- **Exercise requirements**: Copy the data that follows, character for character, minus the pictures.

= = = = =

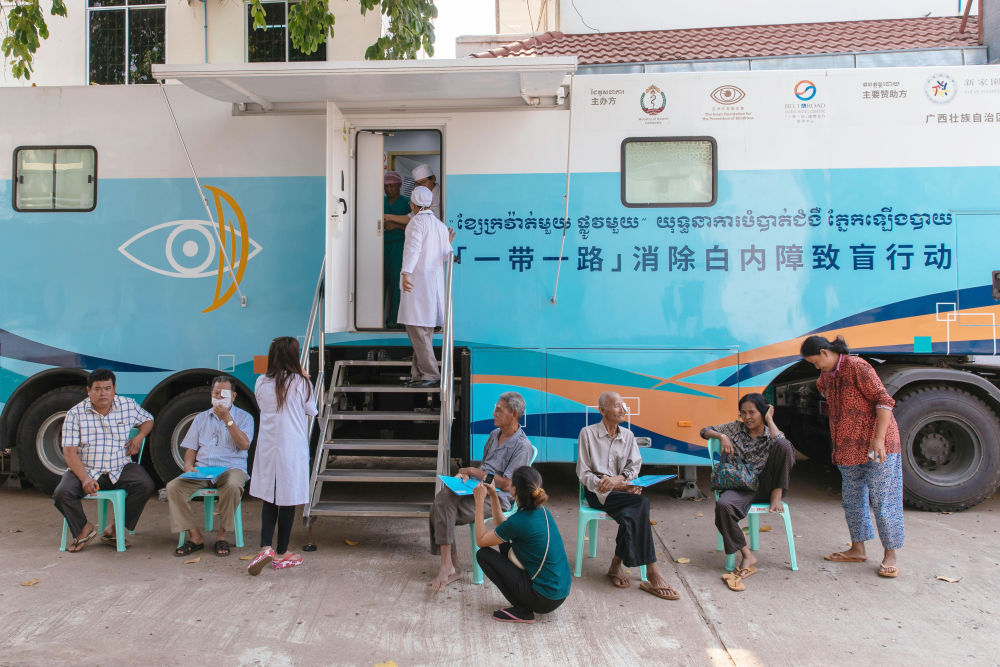 ↑2019年3月15日,在柬埔寨磅湛省醫(yī)院,白內(nèi)障患者在“一帶一路”消除白內(nèi)障致盲行動醫(yī)療隊的醫(yī)療車外等待接受手術(shù)治療。
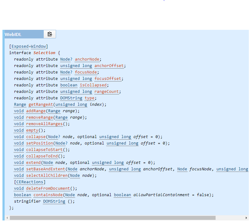 메소드명 파라미터 파라미터 설명 설명 getRangeAt index 꺼내올 Range 객체의 인덱스 번호입니다. 특정 index에 있는 Range 객체를 꺼내옵니다. addRange range 추가할 Range 객체 현재 Selection에 Range를 추가합니다. collapse node 접을 노드
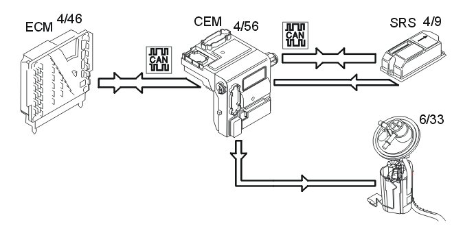 The central electronic module (CEM) (4/56) receives a request from the engine control module (ECM) (4/46) via the control area network (CAN) to start the fuel pump (FP) (6/33). The central electronic module (CEM) then activates the relay which supplies the fuel pump with power.
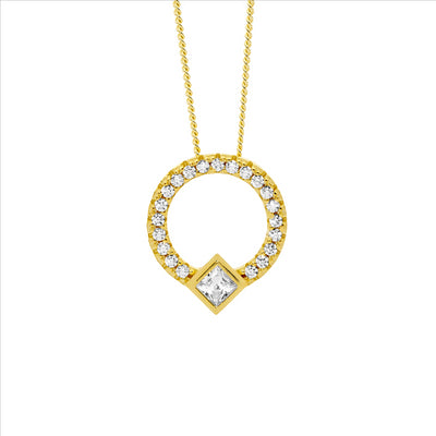 Sterling Silver 13mm Open Circle Pendant with White Cubic Zirconia, Princess Cut Bezel Set, and Gold Plating
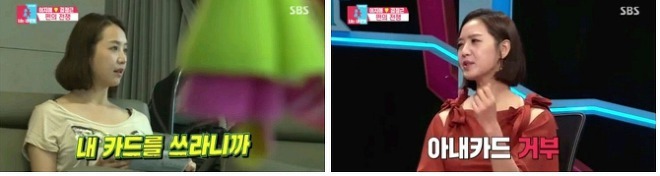 이지애 아나운서가 자기 카드를 쓰라고 했지만, 김정근은 아내카드 사용 거부.
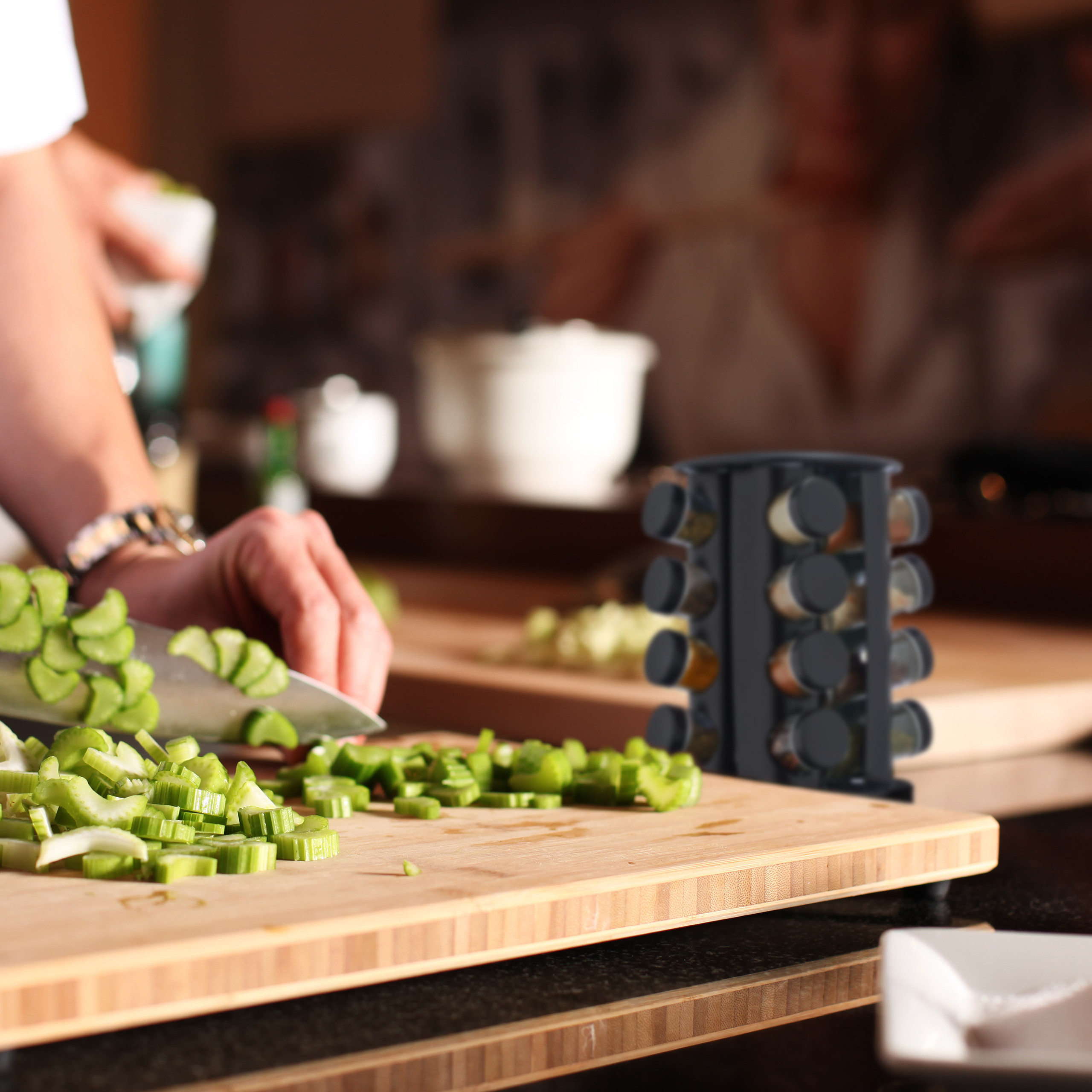 - Patogumas: Sukimosi mechanizmas ir atvira konstrukcija užtikrina lengvą prieigą prie prieskonių gaminant maistą ar prie stalo.
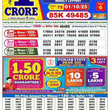 LIVE: Sikkim State Lottery Dear Daily 6 PM Result Today 01.10.2025
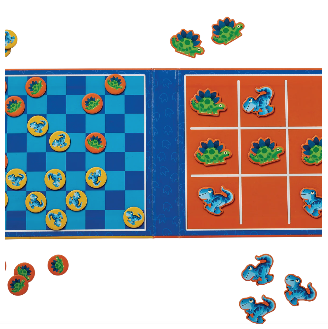 Double the fun with this portable magnetic game set featuring adorable dinosaur characters! Perfect for road trips, restaurants, or quiet time at home, this compact game board offers two classic games that kids love. The magnetic pieces stay securely in place, making it ideal for play anywhere. Made of 70% recycled materials.
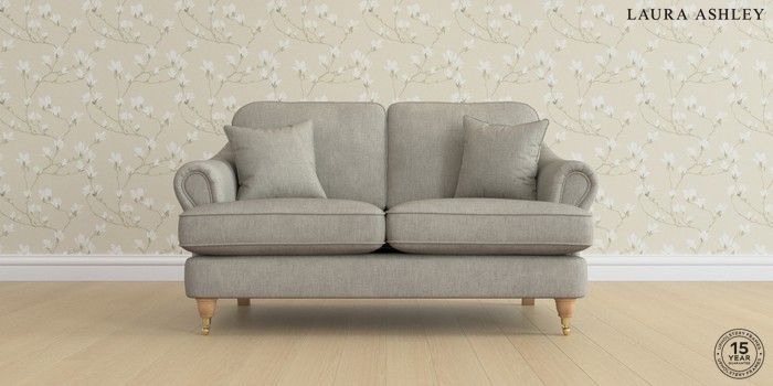 7.0.3 Buy Ambersham by Laura Ashley 2 Seater Small Sofa Bainton Pale Steel Grey Low Brass Castor - Light Oak from the Next UK online shop Click here to use our accessible website
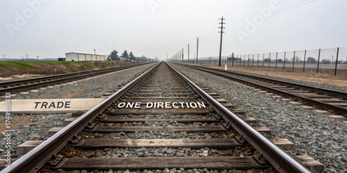 © mat, Obraz premium Train Tracks Converging into a Single Line in Foggy Landscape
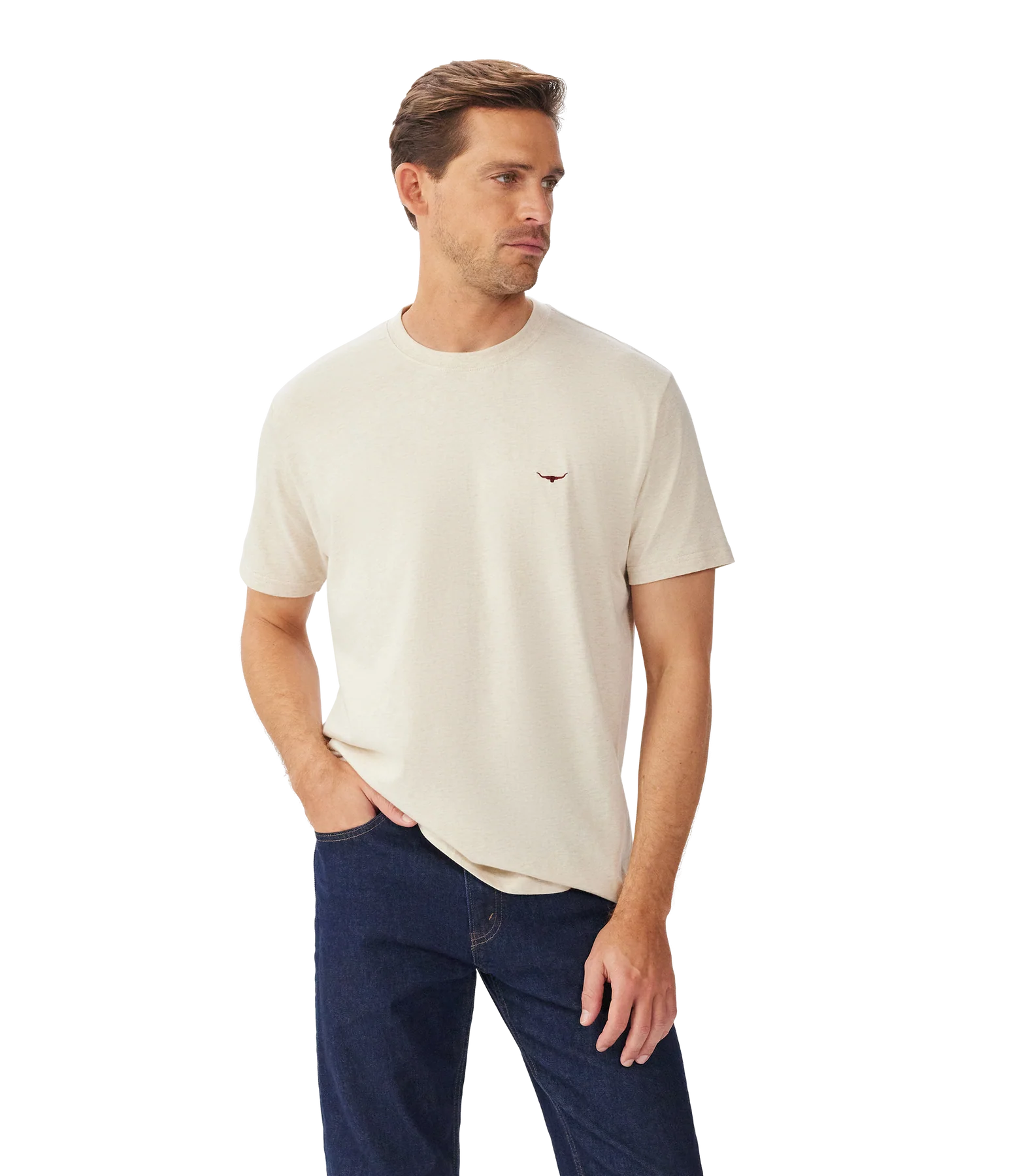 The R.M. Williams Parson T-Shirt delivers understated style and everyday comfort in a refined, easy-to-wear essential. Crafted from soft cotton jersey, the fabric feels smooth and breathable while offering a clean finish that holds its shape wear after wear. Cut in a regular fit with a classic crew neckline and short sleeves, the T-shirt sits naturally on the body, making it ideal for wearing on its own or layering under shirts, knitwear or jackets. Subtle R.M. Williams branding at the chest adds a discreet touch of heritage character without overpowering the minimalist design.

= = = = =

- **Result of the exercise**:
 ↑2019年3月15日,在柬埔寨磅湛省醫(yī)院,白內(nèi)障患者在“一帶一路”消除白內(nèi)障致盲行動醫(yī)療隊的醫(yī)療車外等待接受手術(shù)治療。
 메소드명 파라미터 파라미터 설명 설명 getRangeAt index 꺼내올 Range 객체의 인덱스 번호입니다. 특정 index에 있는 Range 객체를 꺼내옵니다. addRange range 추가할 Range 객체 현재 Selection에 Range를 추가합니다. collapse node 접을 노드
 The central electronic module (CEM) (4/56) receives a request from the engine control module (ECM) (4/46) via the control area network (CAN) to start the fuel pump (FP) (6/33). The central electronic module (CEM) then activates the relay which supplies the fuel pump with power.
 Sterling Silver 13mm Open Circle Pendant with White Cubic Zirconia, Princess Cut Bezel Set, and Gold Plating
 이지애 아나운서가 자기 카드를 쓰라고 했지만, 김정근은 아내카드 사용 거부.
 - Patogumas: Sukimosi mechanizmas ir atvira konstrukcija užtikrina lengvą prieigą prie prieskonių gaminant maistą ar prie stalo.
 LIVE: Sikkim State Lottery Dear Daily 6 PM Result Today 01.10.2025
 Double the fun with this portable magnetic game set featuring adorable dinosaur characters! Perfect for road trips, restaurants, or quiet time at home, this compact game board offers two classic games that kids love. The magnetic pieces stay securely in place, making it ideal for play anywhere. Made of 70% recycled materials.
 7.0.3 Buy Ambersham by Laura Ashley 2 Seater Small Sofa Bainton Pale Steel Grey Low Brass Castor - Light Oak from the Next UK online shop Click here to use our accessible website
 © mat, Obraz premium Train Tracks Converging into a Single Line in Foggy Landscape
 The R.M. Williams Parson T-Shirt delivers understated style and everyday comfort in a refined, easy-to-wear essential. Crafted from soft cotton jersey, the fabric feels smooth and breathable while offering a clean finish that holds its shape wear after wear. Cut in a regular fit with a classic crew neckline and short sleeves, the T-shirt sits naturally on the body, making it ideal for wearing on its own or layering under shirts, knitwear or jackets. Subtle R.M. Williams branding at the chest adds a discreet touch of heritage character without overpowering the minimalist design.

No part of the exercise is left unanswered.